Nelle Serre Reali sono in corso le verifiche tecniche sulle strutture e sugli impianti tecnologici. È stato completato il Padiglione di Levante. Nel 2026 saranno affidati i lavori per completare e allestire gli spazi interni e quelli esterni del verde.
“Si tratta dell’esito di un lavoro lungo di programmazione strategica, ma anche di complessa gestione amministrativa - spiega la direttrice Paola D’Agostino -. Siamo la rete museale più importante al mondo e i musei hanno tutto per tutti, ma non tutti lo sanno. Stiamo lavorando perché diventino uno dei luoghi più identitari a livello nazionale. Credo che questa sia la sfida più improntate”.
Conservazione delle Collezioni
Per quanto riguarda la tutela e la conservazione delle Collezioni, a Palazzo Reale si svolgeranno i lavori di manutenzione che riguardano l’appartamento della Regina Elena e di Vittorio Emanuele III, insieme all’appartamento dei Principi di Piemonte.
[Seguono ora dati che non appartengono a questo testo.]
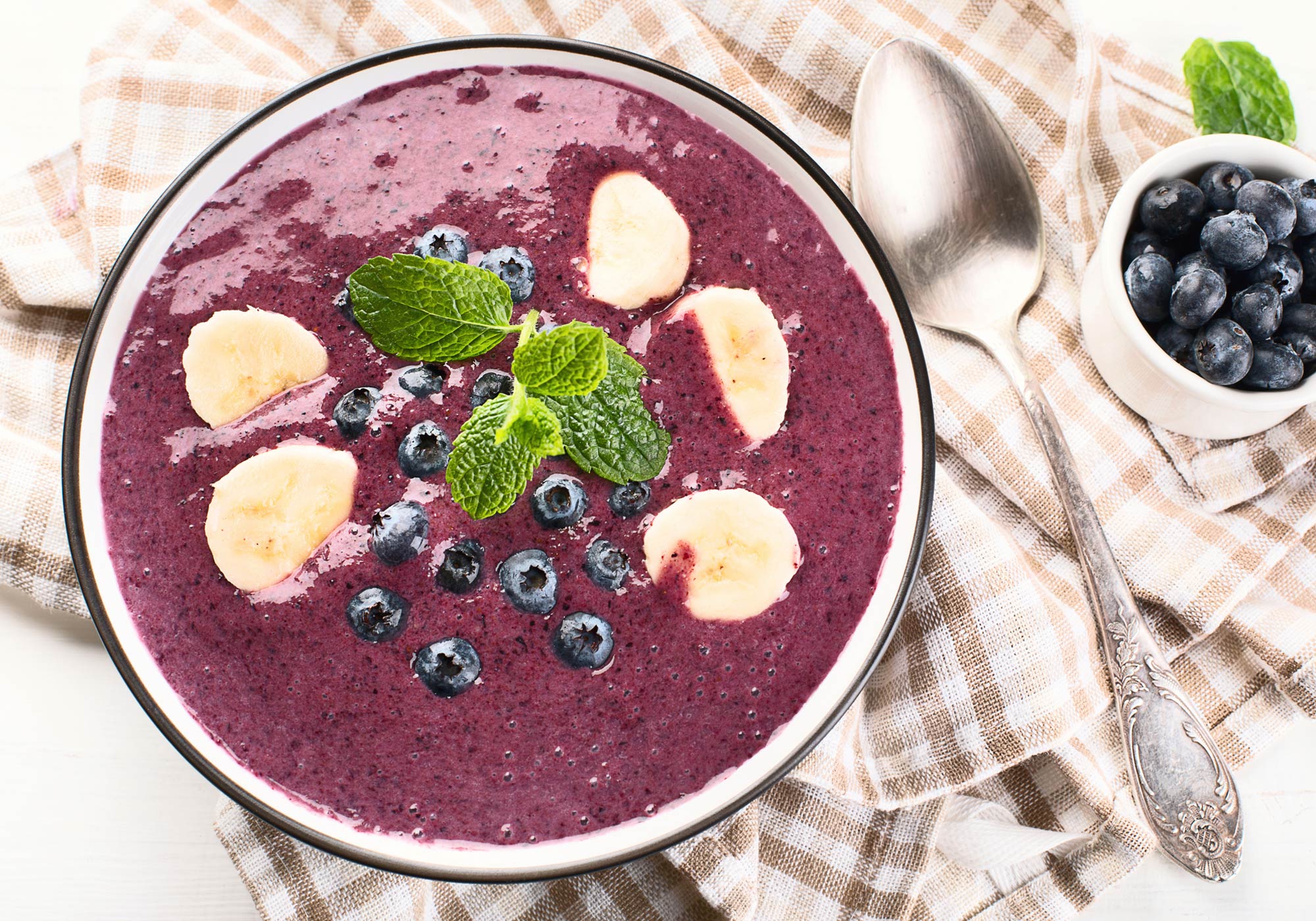 - Serve in a big bowl with your favorite toppings. Here are some of our topping ideas: sliced bananas, berries, kiwi, mango, pineapple, chia seeds, granola, dried fruit such as dates or goji berries, nut butter, carob chips, coconut flakes.

Al piano nobile sarà restaurata la Camera degli Staffieri e della Scrivania di Vittorio Emanuele II. Tra gli altri si procederà grazie all’art bonus al restauro del Gabinetto Oscuro, degli arazzi del Don Chisciotte e del ritratto di Vittorio Emanuele II e della Scrivania del Principe.
Le mostre
Il 2026 non sarà un anno di grandi mostre per i Musei Reali che si stanno già tuttavia preparando per accogliere progetti per il 2027, 2028 e 2029. È comunque in programma, dal 20 marzo al 28 giugno, la tradizionale esposizione di un’opera di Leonardo Da Vinci, nello specifico il disegno autografo “Tre vedute di testa virile con barba”. Niente Autoritratto quest’anno che è in fase di “riposo”.
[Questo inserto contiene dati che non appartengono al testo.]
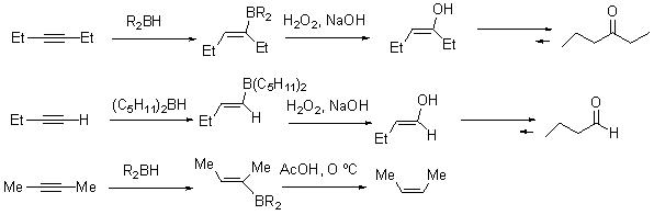 Alkynes on hydroboration with boranes give vinylboranes that could be readily transformed into a variety of synthetically useful compounds such as aldehydes, ketones or alkenes (Scheme 12). The reactivity and selectivity depend on the nature of organoboranes.

Dal 21 maggio al 6 gennaio 2027, sono in programma due mostre dedicate alla sfera femminile: una sulla figura della donna all’interno del nuovo spazio del Medagliere e una dedicata alla figura della Regina Margherita di Savoia. A Palazzo Chiablese, dal 1° ottobre al 17 gennaio 2027, saranno esposti gli scatti fotografici dell’attrice e fotografa americana, Jessica Lange. Infine, dal 15 ottobre al 19 gennaio 2027 spazio all’arte Settecentesca nello Spazio Scoperte con la mostra di Giandomenico Tiepolo, in un confronto con il padre Giambattista.
Dieci anni di Musei Reali
Il 2026 i Musei Reali festeggiano i dieci anni durante il programma di Estate Reale con l’iniziativa “Una sera al Museo” con spettacoli di teatro, musica e narrazione da maggio a ottobre.